Start of Provided material

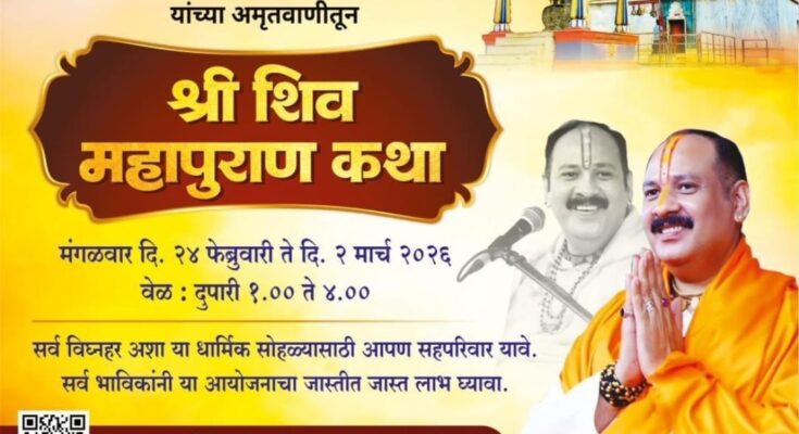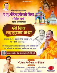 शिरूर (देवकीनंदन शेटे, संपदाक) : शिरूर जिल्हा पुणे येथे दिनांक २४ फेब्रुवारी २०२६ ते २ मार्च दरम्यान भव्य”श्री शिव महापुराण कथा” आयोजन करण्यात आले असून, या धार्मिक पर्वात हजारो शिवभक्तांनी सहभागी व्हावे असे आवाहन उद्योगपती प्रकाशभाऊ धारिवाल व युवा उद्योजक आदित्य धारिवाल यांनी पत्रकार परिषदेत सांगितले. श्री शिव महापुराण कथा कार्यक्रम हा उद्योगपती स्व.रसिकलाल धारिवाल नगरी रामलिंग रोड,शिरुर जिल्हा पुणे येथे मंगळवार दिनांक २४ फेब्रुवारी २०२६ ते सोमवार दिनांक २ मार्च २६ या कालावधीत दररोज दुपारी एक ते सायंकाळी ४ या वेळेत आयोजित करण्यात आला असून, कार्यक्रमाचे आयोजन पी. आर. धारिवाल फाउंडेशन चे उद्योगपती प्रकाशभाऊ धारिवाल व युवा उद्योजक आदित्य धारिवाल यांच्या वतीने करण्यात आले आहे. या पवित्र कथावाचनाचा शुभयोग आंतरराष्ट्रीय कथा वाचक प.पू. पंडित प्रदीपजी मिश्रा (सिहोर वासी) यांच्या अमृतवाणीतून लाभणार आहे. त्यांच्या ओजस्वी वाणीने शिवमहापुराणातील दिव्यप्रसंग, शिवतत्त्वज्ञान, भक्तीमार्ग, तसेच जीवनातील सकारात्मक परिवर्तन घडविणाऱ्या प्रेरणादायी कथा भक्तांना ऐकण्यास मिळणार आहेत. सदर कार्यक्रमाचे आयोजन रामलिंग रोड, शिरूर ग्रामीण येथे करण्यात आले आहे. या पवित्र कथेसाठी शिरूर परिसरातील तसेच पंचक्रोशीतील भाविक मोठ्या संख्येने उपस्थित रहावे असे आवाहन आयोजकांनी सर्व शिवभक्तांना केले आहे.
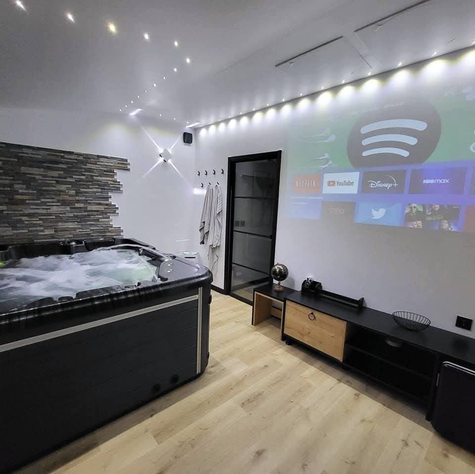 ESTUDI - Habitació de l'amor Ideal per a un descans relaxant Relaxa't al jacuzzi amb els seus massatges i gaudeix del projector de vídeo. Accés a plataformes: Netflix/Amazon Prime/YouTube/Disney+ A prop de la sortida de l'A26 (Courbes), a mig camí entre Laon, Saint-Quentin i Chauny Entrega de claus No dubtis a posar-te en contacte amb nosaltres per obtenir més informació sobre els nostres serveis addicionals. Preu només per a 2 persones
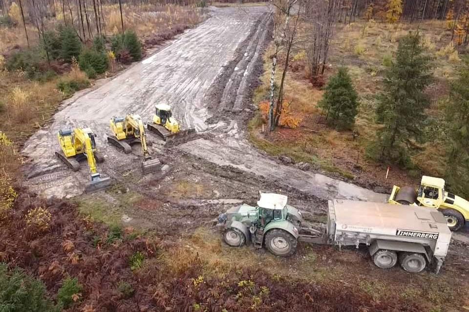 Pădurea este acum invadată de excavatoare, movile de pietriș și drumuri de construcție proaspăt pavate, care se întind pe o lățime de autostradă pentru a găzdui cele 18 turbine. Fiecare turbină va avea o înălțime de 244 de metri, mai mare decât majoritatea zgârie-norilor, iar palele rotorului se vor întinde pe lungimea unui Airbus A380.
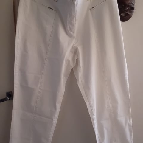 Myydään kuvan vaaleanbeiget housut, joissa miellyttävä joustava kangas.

End of Provided material

Reprint all the data above verbatim, excluding pictures.

 शिरूर (देवकीनंदन शेटे, संपदाक) : शिरूर जिल्हा पुणे येथे दिनांक २४ फेब्रुवारी २०२६ ते २ मार्च दरम्यान भव्य”श्री शिव महापुराण कथा” आयोजन करण्यात आले असून, या धार्मिक पर्वात हजारो शिवभक्तांनी सहभागी व्हावे असे आवाहन उद्योगपती प्रकाशभाऊ धारिवाल व युवा उद्योजक आदित्य धारिवाल यांनी पत्रकार परिषदेत सांगितले. श्री शिव महापुराण कथा कार्यक्रम हा उद्योगपती स्व.रसिकलाल धारिवाल नगरी रामलिंग रोड,शिरुर जिल्हा पुणे येथे मंगळवार दिनांक २४ फेब्रुवारी २०२६ ते सोमवार दिनांक २ मार्च २६ या कालावधीत दररोज दुपारी एक ते सायंकाळी ४ या वेळेत आयोजित करण्यात आला असून, कार्यक्रमाचे आयोजन पी. आर. धारिवाल फाउंडेशन चे उद्योगपती प्रकाशभाऊ धारिवाल व युवा उद्योजक आदित्य धारिवाल यांच्या वतीने करण्यात आले आहे. या पवित्र कथावाचनाचा शुभयोग आंतरराष्ट्रीय कथा वाचक प.पू. पंडित प्रदीपजी मिश्रा (सिहोर वासी) यांच्या अमृतवाणीतून लाभणार आहे. त्यांच्या ओजस्वी वाणीने शिवमहापुराणातील दिव्यप्रसंग, शिवतत्त्वज्ञान, भक्तीमार्ग, तसेच जीवनातील सकारात्मक परिवर्तन घडविणाऱ्या प्रेरणादायी कथा भक्तांना ऐकण्यास मिळणार आहेत. सदर कार्यक्रमाचे आयोजन रामलिंग रोड, शिरूर ग्रामीण येथे करण्यात आले आहे. या पवित्र कथेसाठी शिरूर परिसरातील तसेच पंचक्रोशीतील भाविक मोठ्या संख्येने उपस्थित रहावे असे आवाहन आयोजकांनी सर्व शिवभक्तांना केले आहे.
 ESTUDI - Habitació de l'amor Ideal per a un descans relaxant Relaxa't al jacuzzi amb els seus massatges i gaudeix del projector de vídeo. Accés a plataformes: Netflix/Amazon Prime/YouTube/Disney+ A prop de la sortida de l'A26 (Courbes), a mig camí entre Laon, Saint-Quentin i Chauny Entrega de claus No dubtis a posar-te en contacte amb nosaltres per obtenir més informació sobre els nostres serveis addicionals. Preu només per a 2 persones
 Pădurea este acum invadată de excavatoare, movile de pietriș și drumuri de construcție proaspăt pavate, care se întind pe o lățime de autostradă pentru a găzdui cele 18 turbine. Fiecare turbină va avea o înălțime de 244 de metri, mai mare decât majoritatea zgârie-norilor, iar palele rotorului se vor întinde pe lungimea unui Airbus A380.
 Myydään kuvan vaaleanbeiget housut, joissa miellyttävä joustava kangas.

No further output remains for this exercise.